Selon ses informations, les autorités ont arrêté au moins 41 880 personnes.

L’organisation a dénoncé « la poursuite des politiques de censure des communications, la vague continue d’arrestations et l’augmentation des craintes des blessés concernant leur accès aux soins médicaux ».

Des militants ont accusé les autorités de faire des descentes dans les hôpitaux à la recherche de manifestants blessés à arrêter, après que le ministère de la Santé iranien a conseillé aux citoyens de se rendre à l’hôpital sans crainte et de ne pas se faire soigner à domicile.

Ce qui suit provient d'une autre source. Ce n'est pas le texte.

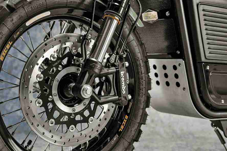 En apenas cuatro años, Xavier Wargnier y Guillaume Monsigny (junto a otros 15 inversores) han conseguido que Ateliers Heritage Bike, com sede en Annecy (un auténtico pueblo de cuento cerca de Suiza), se haya convertido en una de las marcas de motos y bicis eléctricas con más prestigio del país galo. La receta de su éxito está en combinar líneas clásicas y llenas de músculo con buenos componentes y tecnología de vanguardia. El resultado son motos como esta llamativa Heritage Spirit Scrambler X R4. Dado que el propio R4 llega para posicionarse como un coche con un marcado espíritu de libertad (como lo fue en su momento el original, muy popular en entornos rurales), el enfoque de esta moto ha ido claramente en la misma línea. Se trata de una scrambler com un único faro LED (inspirado en el coche), chasis de tubo de acero y un cuerpo marcado en dos volúmenes en el que no se echa en falta la forma del depósito ovalado (aunque no se necesite) com la batería y otros componentes electrónicos completamente carenados bajo éste. Un largo asiento plano fabricado en materiales sostenibles va hasta una trasera ocupada en exclusiva por un corto guardabarros, sobre una rueda de tacos de Heidenau, igual que la delantera. El equipo de suspensiones lo firma WP con una horquilla invertida, y EMC para el amortiguador trasero, com discos de freno Brembo en ambos ejes.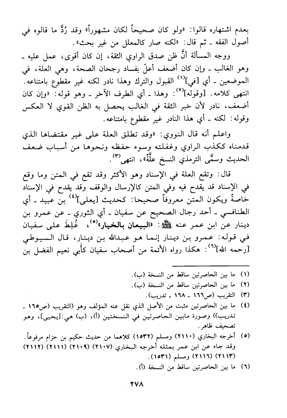 بعدم اشتهاره قالوا"ولو كان صحيحاً لكان مشهوراً" وقد رد ما قالوه في أصول الفقه ثم قال لكنه صار كالمعلل من غير بحث ووجه المسألة أن ظن صدق الراوي الثقة إن كان أقوى عمل عليه وهو الغالب وإن كان أضعف أعل بفساد رجحان الصحة وهي العلة في الموضعين أي في القبول والترك وهذا نادر لكنه غير مقطوع بامتناعه انتهى كلامه وقوله وهذا أي الطرف الآخر وهو قوله وإن كان أضعف نادر لأن خبر الثقة في الغالب يحصل به الظن القوي لا العكس وقوله لكنه أي هذا النادر غير مقطوع بامتناعه. واعلم أنه قال النووي "وقد تطلق العلة على غير مقتضاها الذي قدمناه ككذب الراوي وغفلته وسوء حفظه ونحوها من أسباب ضعف الحديث وسمى الترمذي النسخ علة"انتهى. قال وتقع العلة في الإسناد وهو الأكثر وقد تقع في المتن وما وقع في الإسناد قد يقدح فيه وفي المتن كالإرسال والوقف وقد يقدح في الإسناد خاصة ويكون المتن معروفاً صحيحا كحديث يعلى بن عبيد أي الطنافسي أحد رجال الصحيح عن سفيان أي الثوري عن عمرو بن دينار عن ابن عمر عنه صلى الله عليه وسلم "البيعان بالخيار" غلط على سفيان في قوله عمرو بن دينار إنما هو عبدالله بن دينار قال السيوطي رحمه الله هكذا رواه الأئمة من أصحاب سفيان كأبي نعيم الفضل بن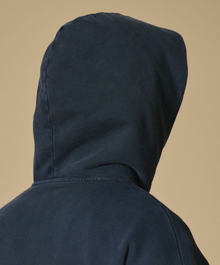 コットン100%の柔らかな肌触りが心地よいパーカー。インディゴ染めによる奥行きのある色合いが、ヴィンテージライクな風合いとこなれた雰囲気を演出します。羽織るだけで、カジュアルからきれいめまで幅広いスタイリングにマッチ。さらに、同素材のパンツ(型番:1706221253)とセットアップで着こなせば、大人らしい抜け感のあるスタイルが完成します。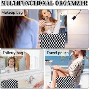 The checkered cosmetic bag can be used as a toiletry bag or storage bag. Daily makeup makeup, skin care samples, mobile phone can be put in the bag, and can also be used as a purse. The checkered makeup bag can be used while traveling, since makeup bags are lightweight and don't take up a lot of space in your suitcase.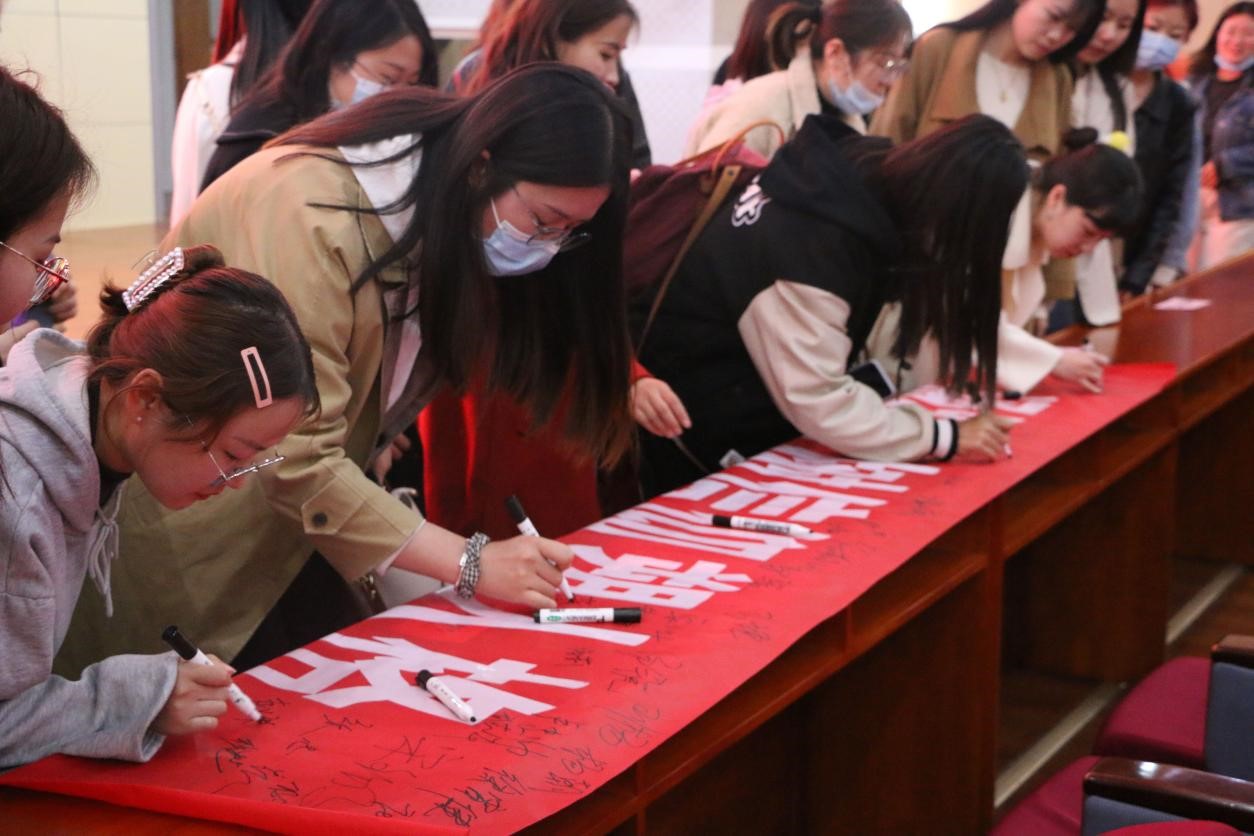 马克思主义学部党委副书记张忠凯宣布,马克思主义学部双经典研读工程正式启动。学生代表申泽睿、张宇涵、杨璐璐就双经典研读工程、参加全国大学生党史知识竞答大会的心得体会作交流分享,吉慧珍、甘慧妹朗诵的《共产党宣言<序言部分>》以及马骏、于霁晴的“青春心向党”主题演讲,将全场氛围推向高潮。在激昂的情绪氛围之中,全场师生起身合唱《没有共产党就没有新中国》,用嘹亮而坚定的歌声为本次大会画上了圆满的句号。会后,全体与会人员在“双经典”研读工程条幅上郑重地签下了自己的名字。

Hengaw a indiqué que « les forces de sécurité continuent d’adopter une approche fondée sur les arrestations massives, l’intimidation et la direction du récit des événements ».

Elle a ajouté que les rapports sur les arrestations dans les hôpitaux « soulevèrent de nouvelles inquiétudes concernant les droits humains en ce qui concerne le droit à des soins médicaux ».

En première estimation officielle, les autorités iraniennes ont déclaré la semaine dernière que 3117 personnes avaient été tuées lors des manifestations. La Fondation des martyrs et des anciens combattants iraniens a fait la distinction entre les « martyrs », qui sont des membres des forces de sécurité ou des civils, et les « trublions », qui recevraient un soutien de l’étranger, notamment des États-Unis.

Parmi le bilan des décès officiel, la fondation a comptabilisé 2427 « martyrs ».

La chaîne Iran International, une chaîne de télévision persanophone opérant hors d’Iran, a rapporté il y a quelques jours que plus de 36 500 Iraniens avaient été tués par les forces de sécurité entre le 8 et le 9 janvier, se basant sur des rapports, des documents et des sources en contact avec elle. Il n’a pas été possible de vérifier l’exactitude de cette information.

Dans un contexte similaire, une autre ONG, l’Organisation des droits de l’homme en Iran (IHR), basée en Norvège, a documenté au moins 3428 cas de décès parmi les manifestants de la part des forces de sécurité, mais a déclaré que le bilan final pourrait atteindre 25 000 morts.